Professional accountants offer many services to clients. There comes a time in every business when the services of a professional accountant are required. This need can arise at various points: at the planning stage in a new business venture; when tax returns for the business or the owner need to be prepared; when a potential or current lender requires a financial statement; or, when you might need to replace your present accountant. For some, you may need a professional accountant for assistance in your own personal tax planning or retirement planning. Although there are several varied reasons, it is important to understand the work performed by professional accountants.
Professional accountants refer to the work they perform for a specific client as an engagement and it is helpful for users of financial statements to understand the differences between an audit and other accounting engagements.
There are three different engagements associated with the financial statements of a business:
- Audit Engagements
- Review Engagements
- Compilation Engagements
The objective on an audit engagement is to enable independent professional public accountants to render an opinion on the fairness of the client’s financial statements.

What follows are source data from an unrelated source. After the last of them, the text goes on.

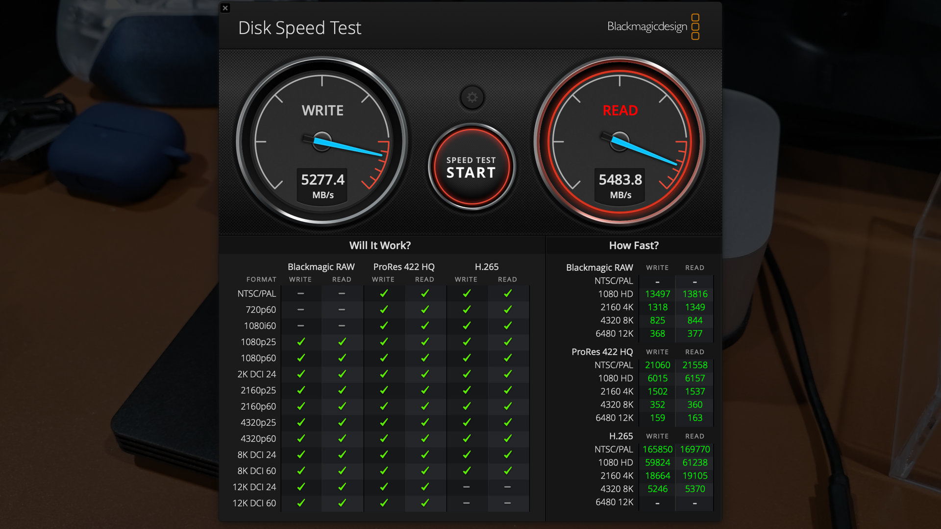 I also tried the famous Blackmagic Design Disk Speed Test and let it run for about 5 minutes non-stop, and the performance held up. We managed to get around 5.2GB/s write and 5.4GB/s read, and this OWC Envoy Ultra is basically fast enough to handle everything that we throw at it.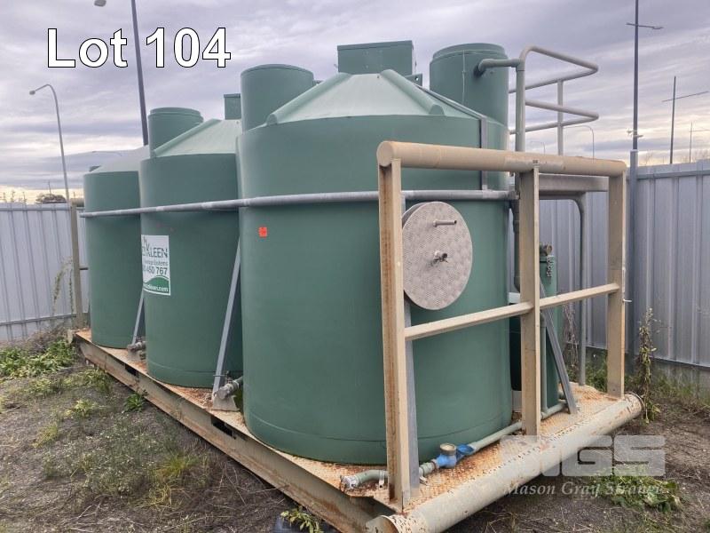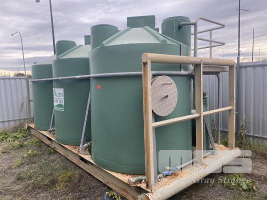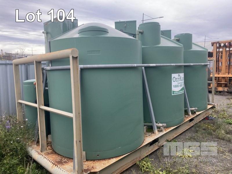 PORTABLE SEWERAGE SYSTEM, OZZI KLEEN MOD: XRP10 DOM: 2012 MOUNTED ON ROLL OFF GALV SKID BASE 3 x PVC TANKS, 4,150 LITRE FLOW CAP: 6,000 LITRES/DAY WASTE WATER TREATMENT SYSTEM
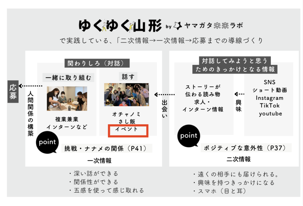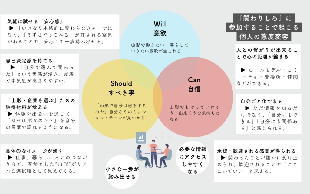 「自分の目や耳で得た一次情報が得られる対話の機会(関わりしろ)」が「山形で働くこと」の意欲・覚悟を育みます。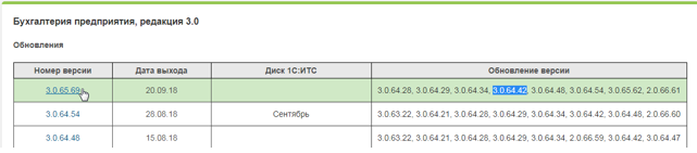 Далее в таблице доступных обновлений находим самое последнее обновление ( выделена зелёным цветом в списке );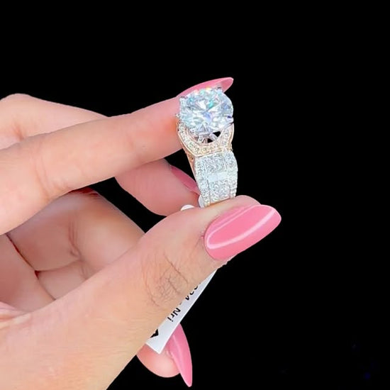 𝗧𝗵𝗶𝘀 𝗺𝗮𝗴𝗻𝗶𝗳𝗶𝗰𝗲𝗻𝘁 𝘀𝘁𝗮𝘁𝗲𝗺𝗲𝗻𝘁 𝗿𝗶𝗻𝗴 𝗶𝘀 𝗲𝘅𝗾𝘂𝗶𝘀𝗶𝘁𝗲𝗹𝘆 𝗰𝗿𝗮𝗳𝘁𝗲𝗱 𝗶𝗻 𝟭𝟰𝗞 𝗿𝗼𝘀𝗲 𝗴𝗼𝗹𝗱, 𝗯𝗹𝗲𝗻𝗱𝗶𝗻𝗴 𝗯𝗼𝗹𝗱 𝗱𝗲𝘀𝗶𝗴𝗻 𝘄𝗶𝘁𝗵 𝘁𝗶𝗺𝗲𝗹𝗲𝘀𝘀 𝗲𝗹𝗲𝗴𝗮𝗻𝗰𝗲. 𝗔𝘁 𝘁𝗵𝗲 𝗰𝗲𝗻𝘁𝗲𝗿 𝘀𝗵𝗶𝗻𝗲𝘀 𝗮 𝗯𝗿𝗲𝗮𝘁𝗵𝘁𝗮𝗸𝗶𝗻𝗴 𝟱.𝟬𝟬 𝗰𝗮𝗿𝗮𝘁 𝗿𝗼𝘂𝗻𝗱 𝘀𝗼𝗹𝗶𝘁𝗮𝗶𝗿𝗲 𝗱𝗶𝗮𝗺𝗼𝗻𝗱, 𝗜𝗚𝗜 𝗰𝗲𝗿𝘁𝗶𝗳𝗶𝗲𝗱, 𝗳𝗲𝗮𝘁𝘂𝗿𝗶𝗻𝗴 𝗛 𝗰𝗼𝗹𝗼𝗿 𝗮𝗻𝗱 𝗩𝗦𝟮 𝗰𝗹𝗮𝗿𝗶𝘁𝘆, 𝗰𝗲𝗹𝗲𝗯𝗿𝗮𝘁𝗲𝗱 𝗳𝗼𝗿 𝗶𝘁𝘀 𝗲𝘅𝗰𝗲𝗽𝘁𝗶𝗼𝗻𝗮𝗹 𝗯𝗿𝗶𝗹𝗹𝗶𝗮𝗻𝗰𝗲 𝗮𝗻𝗱 𝗰𝗼𝗺𝗺𝗮𝗻𝗱𝗶𝗻𝗴 𝗽𝗿𝗲𝘀𝗲𝗻𝗰𝗲. 𝗘𝗻𝗰𝗶𝗿𝗰𝗹𝗶𝗻𝗴 𝘁𝗵𝗲 𝘀𝗼𝗹𝗶𝘁𝗮𝗶𝗿𝗲 𝗶𝘀 𝗮 𝗿𝗮𝗱𝗶𝗮𝗻𝘁 𝗵𝗮𝗹𝗼 𝗼𝗳 𝗿𝗼𝘂𝗻𝗱 𝗯𝗿𝗶𝗹𝗹𝗶𝗮𝗻𝘁 𝗱𝗶𝗮𝗺𝗼𝗻𝗱𝘀 𝘁𝗼𝘁𝗮𝗹𝗶𝗻𝗴 𝟬.𝟳𝟰 𝗰𝗮𝗿𝗮𝘁𝘀, 𝗶𝗻 𝗛 𝗰𝗼𝗹𝗼𝗿 𝘄𝗶𝘁𝗵 𝗩𝗦 𝗰𝗹𝗮𝗿𝗶𝘁𝘆, 𝗲𝗻𝗵𝗮𝗻𝗰𝗶𝗻𝗴 𝘁𝗵𝗲 𝗰𝗲𝗻𝘁𝗲𝗿 𝘀𝘁𝗼𝗻𝗲’𝘀 𝗳𝗶𝗿𝗲 𝗮𝗻𝗱 𝗱𝗲𝗽𝘁𝗵. 𝗧𝗵𝗲 𝗱𝗲𝘀𝗶𝗴𝗻 𝗶𝘀 𝗳𝘂𝗿𝘁𝗵𝗲𝗿 𝗲𝗹𝗲𝘃𝗮𝘁𝗲𝗱 𝗯𝘆 𝘀𝘁𝗿𝗶𝗸𝗶𝗻𝗴 𝗽𝗿𝗶𝗻𝗰𝗲𝘀𝘀 𝗰𝘂𝘁 𝗱𝗶𝗮𝗺𝗼𝗻𝗱𝘀 𝘀𝗲𝘁 𝗮𝗹𝗼𝗻𝗴 𝗯𝗼𝘁𝗵 𝘀𝗶𝗱𝗲𝘀 𝗼𝗳 𝘁𝗵𝗲 𝗯𝗮𝗻𝗱, 𝘄𝗲𝗶𝗴𝗵𝗶𝗻𝗴 𝗮 𝘁𝗼𝘁𝗮𝗹 𝗼𝗳 𝟭.𝟱𝟱 𝗰𝗮𝗿𝗮𝘁𝘀, 𝗶𝗻 𝘀𝘂𝗽𝗲𝗿𝗶𝗼𝗿 𝗙𝗚 𝗰𝗼𝗹𝗼𝗿 𝗮𝗻𝗱 𝗩𝗦 𝗰𝗹𝗮𝗿𝗶𝘁𝘆, 𝗮𝗱𝗱𝗶𝗻𝗴 𝘀𝘁𝗿𝘂𝗰𝘁𝘂𝗿𝗲, 𝘀𝗽𝗮𝗿𝗸𝗹𝗲, 𝗮𝗻𝗱 𝗴𝗿𝗮𝗻𝗱𝗲𝘂𝗿 𝗳𝗿𝗼𝗺 𝗲𝘃𝗲𝗿𝘆 𝗮𝗻𝗴𝗹𝗲. 𝗪𝗶𝘁𝗵 𝗮 𝗴𝗿𝗼𝘀𝘀 𝗴𝗼𝗹𝗱 𝘄𝗲𝗶𝗴𝗵𝘁 𝗼𝗳 𝟳.𝟱𝟯 𝗴𝗿𝗮𝗺𝘀 𝗮𝗻𝗱 𝗮 𝗻𝗲𝘁 𝗴𝗼𝗹𝗱 𝘄𝗲𝗶𝗴𝗵𝘁 𝗼𝗳 𝟲.𝟬𝟮𝟮 𝗴𝗿𝗮𝗺𝘀, 𝘁𝗵𝗶𝘀 𝗿𝗶𝗻𝗴 𝗿𝗲𝗳𝗹𝗲𝗰𝘁𝘀 𝗺𝗮𝘀𝘁𝗲𝗿 𝗰𝗿𝗮𝗳𝘁𝘀𝗺𝗮𝗻𝘀𝗵𝗶𝗽 𝗮𝗻𝗱 𝗹𝘂𝘅𝘂𝗿𝗶𝗼𝘂𝘀 𝘄𝗲𝗶𝗴𝗵𝘁—𝗽𝗲𝗿𝗳𝗲𝗰𝘁 𝗳𝗼𝗿 𝘁𝗵𝗼𝘀𝗲 𝘄𝗵𝗼 𝗱𝗲𝘀𝗶𝗿𝗲 𝗮 𝗯𝗼𝗹𝗱, 𝘂𝗻𝗳𝗼𝗿𝗴𝗲𝘁𝘁𝗮𝗯𝗹𝗲 𝘀𝘆𝗺𝗯𝗼𝗹 𝗼𝗳 𝗹𝗼𝘃𝗲, 𝗽𝗼𝘄𝗲𝗿, 𝗮𝗻𝗱 𝗽𝗿𝗲𝘀𝘁𝗶𝗴𝗲. ✨ 𝗔 𝗺𝗮𝘀𝘁𝗲𝗿𝗽𝗶𝗲𝗰𝗲 𝗱𝗲𝘀𝗶𝗴𝗻𝗲𝗱 𝘁𝗼 𝘁𝘂𝗿𝗻 𝗲𝘃𝗲𝗿𝘆 𝗺𝗼𝗺𝗲𝗻𝘁 𝗶𝗻𝘁𝗼 𝗮 𝗹𝗲𝗴𝗮𝗰𝘆.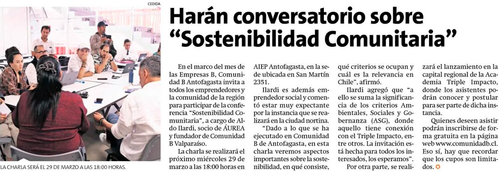 Comunidad B Antofagasta dictará nueva charla sobre "Sostenibilidad Comunitaria" - (El Mercurio de Antofagasta)
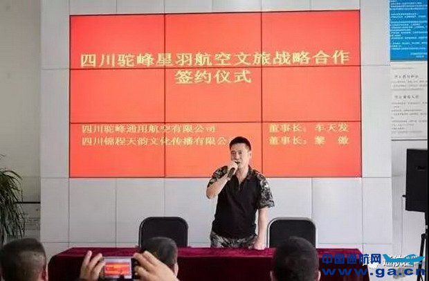 6月6日,四川驼峰通用航空有限公司与四川锦程天韵文化传播有限公司签署四川驼峰星羽航空文旅综合营地项目战略合作协议,双方将共同打造航空文旅综合营地,围绕飞行培训、航空运动、运动健身、旅游康养、拓展训练等方面展开深度合作。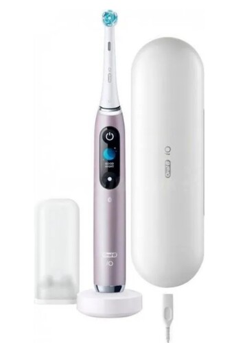 Ротационная электрическая зубная щетка ORAL-B iO Series 9N/iOM9 Rose Quartz белого/розового цвета предназначена для ежедневного использования. Она имеет 7 режимов работы с возвратно-вращательными движениями круглой головки насадки. Модель работает от аккумулятора и может переноситься в специальном дорожном футляре для дальнейшего использования в любом месте. Устройством можно управлять с помощью приложения Oral-B в смартфоне.
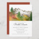 Chá de panela Rustic Fall Frost Mountain Boho - apresenta uma linda, aquarela, cena florestal com altura, pinheiros, montanhas altas e folhagem de outono, escrita à mão e tipografia moderna. Mostrada com terracota/ferrugem na parte traseira do convite, entretanto, a cor pode ser facilmente alterada para se coordenar com suas cores na ferramenta design. O chá de panela faz parte de uma coleção.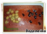 С зеленых и черных маслин сливаем жидкость и режем их так: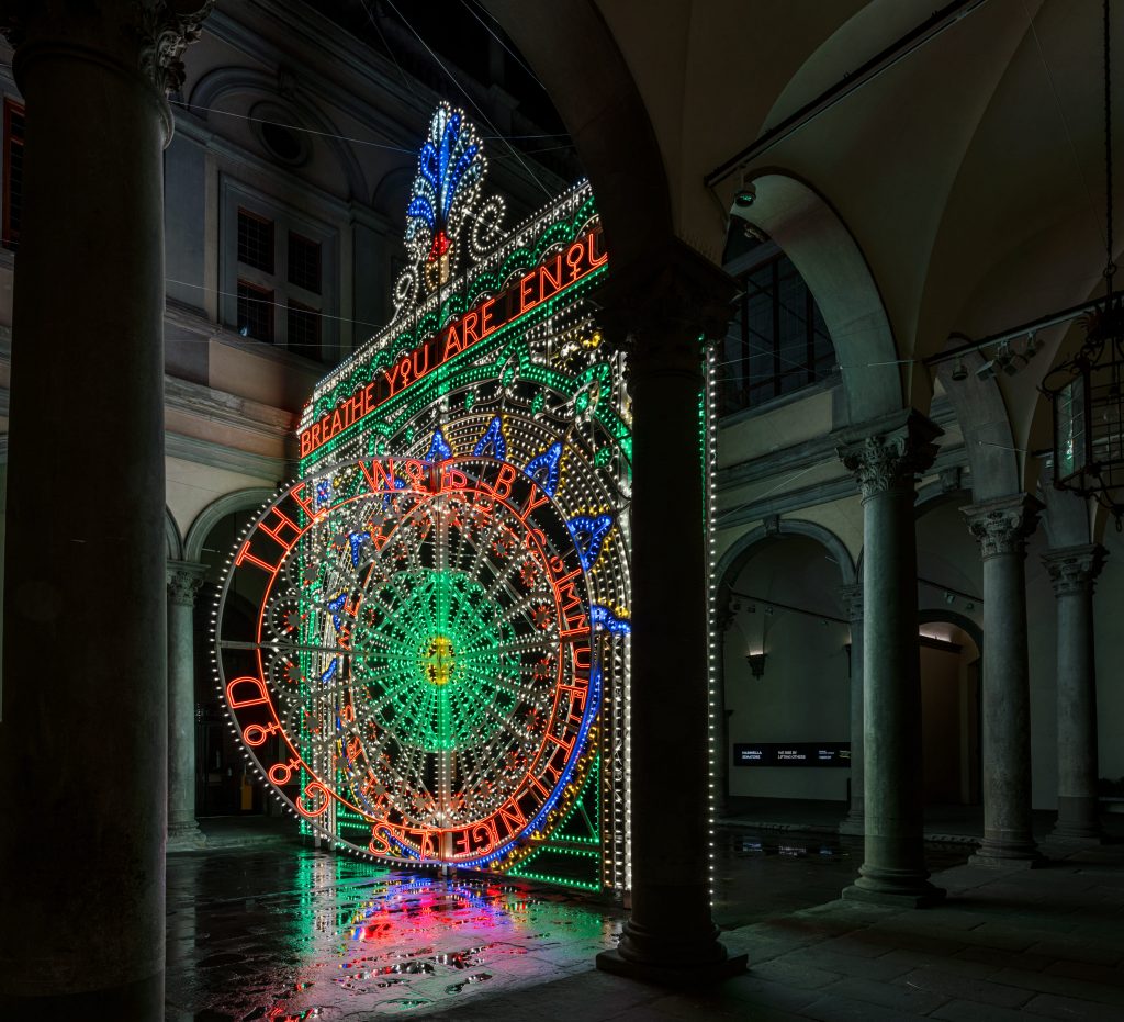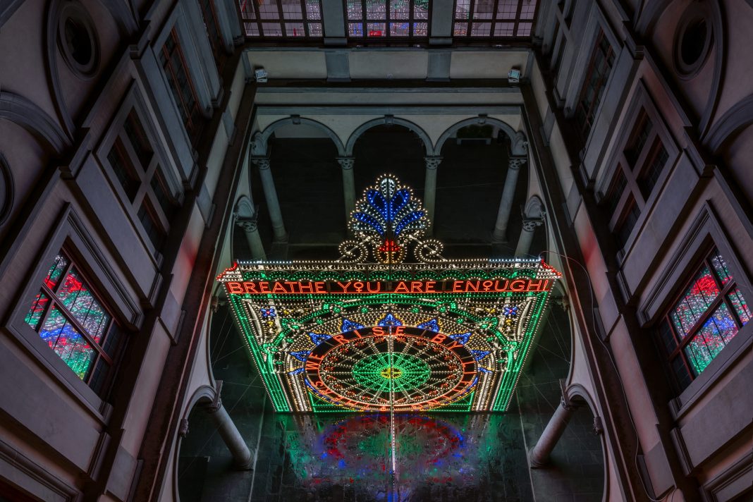 We rise by lifting Others parte dalla grande istallazione disegnata dall’artista per il cortile dello storico palazzo fiorentino, ispirata alle luminarie tipiche della tradizione dell’Italia meridionale. La luminaria posta al centro del cortile «crea una piazza tanto fisica quanto ideale – ha spiegato il Galansino – per cercare un senso di vicinanza, comunità in un momento di distanziamento sociale e fisico». Difatti, essendo il cortile aperto ai visitatori, al contrario del museo, chiuso per le norme anti Covid, questa installazione è fruibile a tutti coloro che hanno la fortuna di passeggiare per le vie di Firenze. Galansino si è anche detto molto onorato di ospitare a palazzo Strozzi questa installazione, esposta per la pima volta in un museo italiano.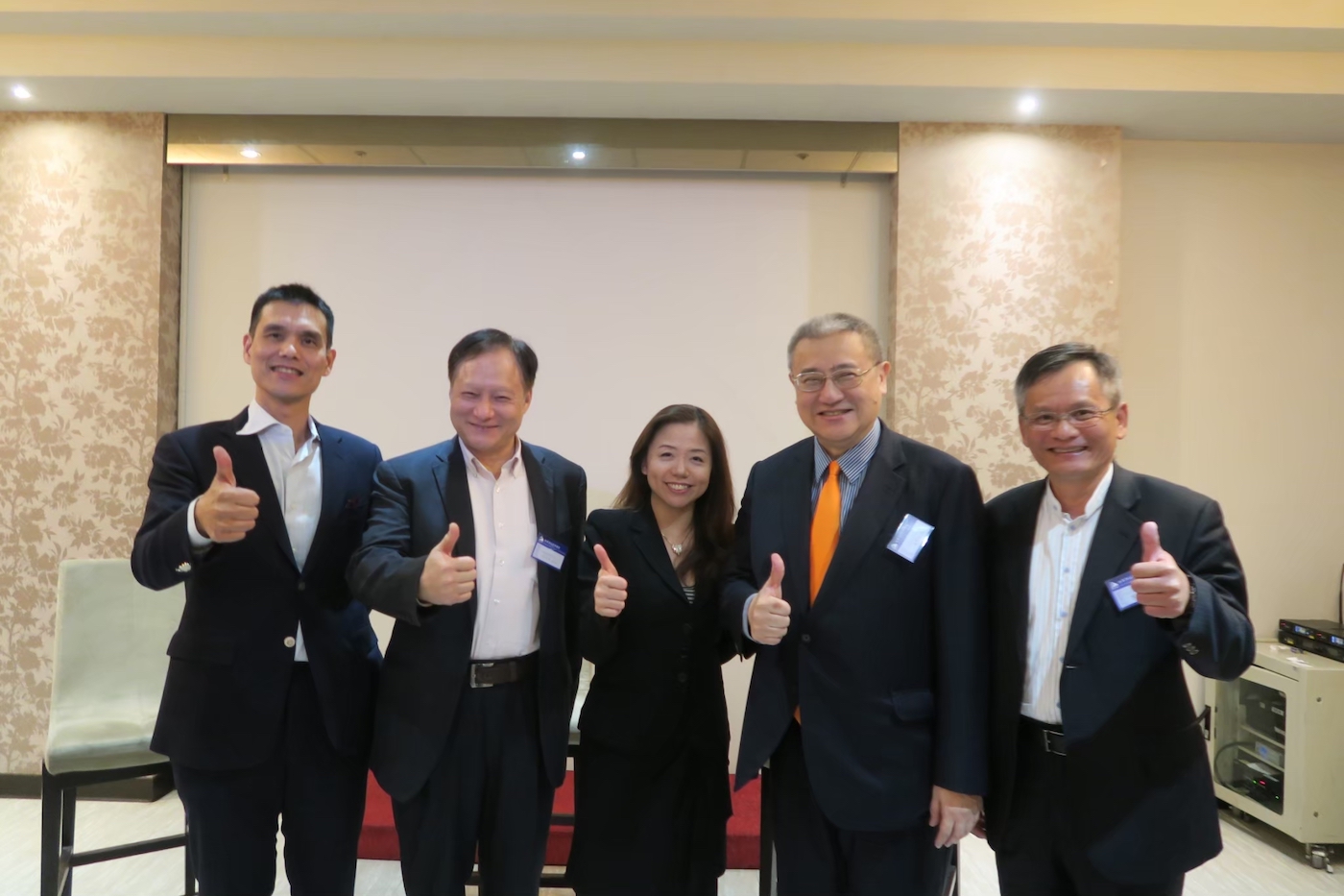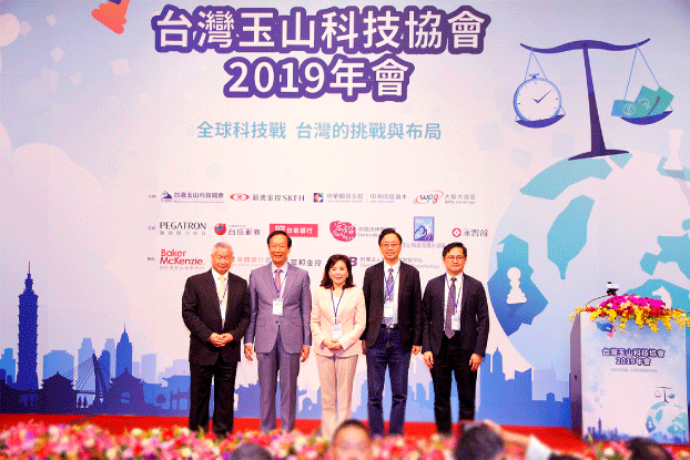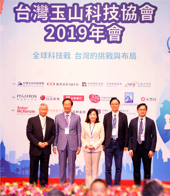 台灣玉山科技協會本屆年會貴賓雲集,左起旺宏電子吳敏求董事長、鴻海創辦人郭台銘先生(左二)、玉山科技協會李紀珠理事長(左三)、前行政院長張善政先生(右二)、和碩聯合科技童子賢董事長(右一)

Audited financial statements are the accepted means which many business corporations report to shareholders, to bankers, to creditors and to government. Federal and provincial legislation in Canada generally requires a limited company (corporations) to prepare annual financial statements for audit by qualified independent auditors.
The financial statements subject to audit are the responsibility of the company’s management. The auditors’ responsibility is to express an opinion on those financial statements. The auditors must plan the audit to obtain reasonable assurance that the financial statements are free of material misstatement. Through the study and evaluation of the company’s system of internal control, and by inspection of documents, observation of assets, making enquires within and outside the company, and by other generally accepted auditing procedures, the auditors will gather evidence necessary to determine whether the financial statements present a fair picture of the company’s financial position and its activity during the period being audited.
The objective of a review engagement is to prepare and review financial statements to ascertain whether they are plausible, that is, worthy of belief. If, after reviewing the financial statements the accountants are satisfied that the financial statements are not misleading, the accountants’ standard report will preface the financial statements.
Where an audit is not required or the shareholders have waived the appointment of an auditor, financial statements may be prepared on a review basis. Reviews provide limited assurance that the financial information confirms to generally accepted accounting principles.
In performing a review the accountants would must be independent from the clients and have sufficient knowledge of the industry which the business operates. They would acquire sufficient knowledge of the client’s business to make intelligent enquiry and assessment of the information obtained, with the limited objective of determining the plausibility of the information reported on. The review should entail enquiries, analytical procedures and discussion with responsible client officials.
This degree of assurance is less than that resulting from an audit and is expressed as either:
- The negative assurance that nothing has come to the accountants’ attention that would indicate the financial information is not presented in accordance with generally accepted accounting principles, or
- A reservation together with appropriate disclosure and explanation of the reservation.
The objective of a compilation engagement is to compile unaudited financial information into financial statements, schedules or reports based on information supplied by the client.
A compilation engagement is appropriate only where the client and other users do not need financial information that conforms in all respects to generally accepted accounting principles and audit or review assurance is not required, and where the client understands that the statements may not be appropriate for general purpose use.
The procedures performed are not designed to enable CGAs to provide any assurance on the reliability of the compiled information. To warn readers of this lack of assurance, CGAs attach a “Notice To Reader” that states that no review was performed on the information (as above) and that the information may not be appropriate for use by the reader. If CGAs know, or have reason to believe financial statements or misleading or incorrect, CGAs must not associate with this information. A compilation may be applicable where financial statements are prepared for the exclusive use of the company’s management or for income tax purposes.